So here is the story. Ally (Anna Farris) has been skating through life without really finding herself attached to someone--she is more likely to go out, drink too much and find herself in bed the next morning with a guy than work on the longer term relationship. She hasn't gotten to the point where she can envision herself in a long term relationship, and it only occasionally bothers her. Meanwhile, her younger sister. Daisy (Ari Graynor), is getting to marry a guy she went out with in high school but then broke up with--but is now a good looking successful guy who seems to be head over heels in love with Daisy. On top of that Ally's mother (played pitch perfect by Blythe Danner) is all too eager for Ally to make a 'good' match (there are a lot of cautionary tales for mother's of marriagable children--a veritable manual of what not to do).

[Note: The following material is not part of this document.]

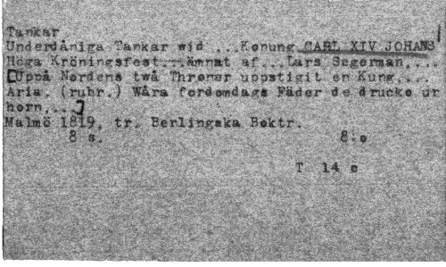 //// ¦ ' - ; ' ¦ TanKar i //// Underdånig Tankar wjd . . gonimr fASL^y .TOHA^' Höga Krönin«r»fe«t-.-riSr»nmt af »..Lars Segeraan;, ,, DtjprsÅ Nordens t*å Throrer uppstigit er Kung, , . -Aria , ( rubr.) Wara fo-rdomda^ft Fäder de å ruefco ar horn. ». »3 //// MalÄÖ im* tr.*" BerUn««ka B^ktr. 'r ' $ ? * //// k 8 s. 6 - <>r ' • * • //// £§S ' ' ' il „ . ^ 1 M ////

Every romantic comedy has a leap of faith moment and here is the one for this movie--Ally reads an article in a magazine that sets her off balance. In what is undoubtedly methodology that wouldn't stand up to scientific peer review, it reports that women have an average of 9 sexual partners over the course of their lives, and, most damningly, women who have more than 20 sexual partners are unliekly to ever marry. Ally quickly does the math and realizes she is at 19. Uh oh. She panics. Then she asks her mostly married girlfriends what their life totals are--and they are predictably half her number. So she decides to go back over her past lovers, and try to find one that she can live with. Literally, like for the rest of her life.
She gets her very hunky neighbor, Colin (Chris Evans), whose personal number of sexual partners is in triple digits, aas evidenced by the stream of different women leaving his apartment in the same clothes they arrived in the day before, to help her track these guys down. And the rest of the story unfolds in pretty much the way you would predict. A light diversion with some good lessons underneath.